We are known for having state-of-the-art classrooms and the Adel Sedra Student Design Centre. Our engineering buildings are so new, many of them haven’t been named after anyone! We simply call them E5, E6, and E7. Here is an interesting piece of trivia for you. Carl Pollock Hall was previously known as E4 and Douglas Wright Engineering was previously known as E1.
We also find that our students are our best ambassadors. We really wish you could meet them in person. Our university has so much more to offer than just academic programs with a strong reputation. While the co-op program certainly does result in a degree of competitiveness among our students, it is important to remember that our students do find ways to socialize, relax, and have fun. It is a university where everyone finds a way to fit into the community.
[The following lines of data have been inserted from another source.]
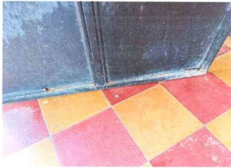
Foto 1: Puertas de salones de clase en mal estado, se sustituirán.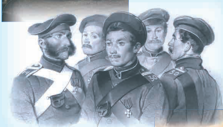
Нижние чины, отличившиеся в вылазках с 3-го отделения оборонительной линии г. Севастополя под начальством лейтенанта Н.А. Бирилёва

Литография по рисунку, выполненному В.Ф. Тиммом с натуры в Севастополе. 1855 г.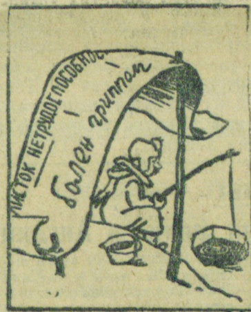
Симулянта — бюлетенщика с предприятия вон! Нашу страхаску обкрадывает он. (В. Маяковский). Рис. В. Анфилова. Бюро-клише ТАСС.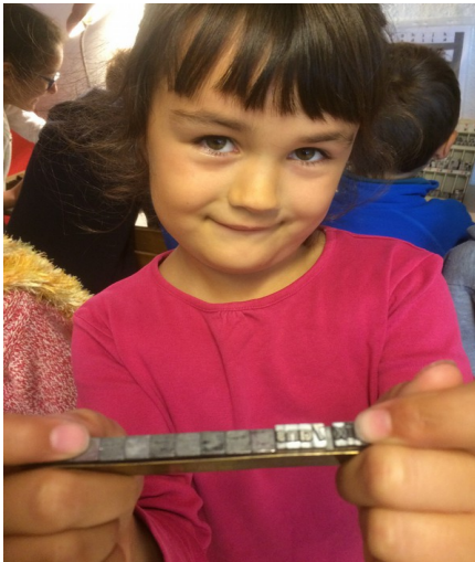
On compose sa première ligne d'imprimerie,

Our annual Engineering Day is a perfect example of some of the activities unique to our Waterloo Engineering Community.
Applicants should not attempt to not read too much into these admission probabilities. The data can be scary if you don’t fully understand it. It is important to remember that a significant percentage of the applicants not given offers of admission are applicants who did not complete their required Admission Information Form (AIF) or attempt the optional interview. It may also be the case that applicants were not considered for a reason (other than grades) or that applicants withdrew their application for admission prior to an offer being granted. If I eliminated applicants with incomplete applications or withdrawn applications from the data set, the probabilities of admission would shift upward dramatically.